== Assignment ==
Write out the entire listing below exactly, with the pictures left out.

== Collected material ==

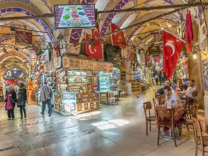 Il Grande Bazar di Istanbul (Kapalıçarşı) rappresenta il cuore pulsante dello shopping tradizionale turco. Con le sue 61 strade coperte e oltre 4.000 negozi, attira quotidianamente tra 250.000 e 400.000 visitatori, classificandosi nel 2014 come l'attrazione turistica più visitata al mondo con 91.250.000 visitatori annuali. Questo labirinto commerciale, fondato nel 1461, impiega oggi 26.000 persone e occupa un'area di 31 ettari. All'interno si trovano anche due antiche moschee, quattro fontane decorate con splendidi mosaici e persino due hammam del XIV secolo. Le merci sono tradizionalmente organizzate per tipologia, con strade che prendono il nome dagli artigiani che vi lavorano.
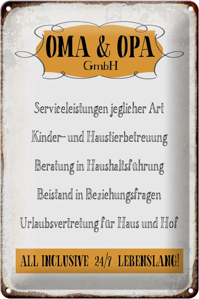 - TitelBlechschild Spruch 20x30cm Oma Opa GmbH 24/7 lebenslang [ORIGINAL BLECHSCHILD von FEMER]
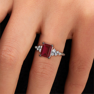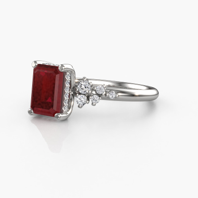 The ring shown above is called the Emma EME. We call this type of ring a pavé solitaire ring because it has one centre gemstone and a band that is also pave set with gemstones. This engagement ring is made in platinum set with a 8x6 mm emerald cut ruby, and pave set lab-grown diamonds at the sides. Each piece of jewellery is made with passion and love by one of our master goldsmiths.This fantasy platinum pavé solitaire engagement ring has an exquisite emerald cut ruby centre stone. To further accentuate the centre stone, the band is set full with more lab-grown diamonds. Its open prong setting allows light to strike the ruby from various angles and this adds sparkle to your ruby ring. The photo shown above depicts the goldsmith's carefully handcrafted details of the ring. The high positioning of the centre stone is truly eye-catching. The perfect engagement ring for the crown jewel of your life!After receiving your order, our goldsmiths will passionately start the creative process of making your engagement ring in our own studio. Because we don't have a big stockpile, these costs will not be passed on to you. Our pricing is proof of that! We offer top quality jewels at lowest price, guaranteed.Our team adds new designs to our online collection daily. Our designers and goldsmiths work together in creating the best design. We strive to offer a diverse collection of jewels. Perhaps you have a specific jewel design in mind. One you came across somewhere. Please contact us for a free consultation. We will make you an offer, based on a fair price/ quality ratio, that will baffle you.To make it easier for you, we offer a 30 day return policy. Check our terms and conditions.

== Result for this exercise ==
 Il Grande Bazar di Istanbul (Kapalıçarşı) rappresenta il cuore pulsante dello shopping tradizionale turco. Con le sue 61 strade coperte e oltre 4.000 negozi, attira quotidianamente tra 250.000 e 400.000 visitatori, classificandosi nel 2014 come l'attrazione turistica più visitata al mondo con 91.250.000 visitatori annuali. Questo labirinto commerciale, fondato nel 1461, impiega oggi 26.000 persone e occupa un'area di 31 ettari. All'interno si trovano anche due antiche moschee, quattro fontane decorate con splendidi mosaici e persino due hammam del XIV secolo. Le merci sono tradizionalmente organizzate per tipologia, con strade che prendono il nome dagli artigiani che vi lavorano.
 - TitelBlechschild Spruch 20x30cm Oma Opa GmbH 24/7 lebenslang [ORIGINAL BLECHSCHILD von FEMER]
 The ring shown above is called the Emma EME. We call this type of ring a pavé solitaire ring because it has one centre gemstone and a band that is also pave set with gemstones. This engagement ring is made in platinum set with a 8x6 mm emerald cut ruby, and pave set lab-grown diamonds at the sides. Each piece of jewellery is made with passion and love by one of our master goldsmiths.This fantasy platinum pavé solitaire engagement ring has an exquisite emerald cut ruby centre stone. To further accentuate the centre stone, the band is set full with more lab-grown diamonds. Its open prong setting allows light to strike the ruby from various angles and this adds sparkle to your ruby ring. The photo shown above depicts the goldsmith's carefully handcrafted details of the ring. The high positioning of the centre stone is truly eye-catching. The perfect engagement ring for the crown jewel of your life!After receiving your order, our goldsmiths will passionately start the creative process of making your engagement ring in our own studio. Because we don't have a big stockpile, these costs will not be passed on to you. Our pricing is proof of that! We offer top quality jewels at lowest price, guaranteed.Our team adds new designs to our online collection daily. Our designers and goldsmiths work together in creating the best design. We strive to offer a diverse collection of jewels. Perhaps you have a specific jewel design in mind. One you came across somewhere. Please contact us for a free consultation. We will make you an offer, based on a fair price/ quality ratio, that will baffle you.To make it easier for you, we offer a 30 day return policy. Check our terms and conditions.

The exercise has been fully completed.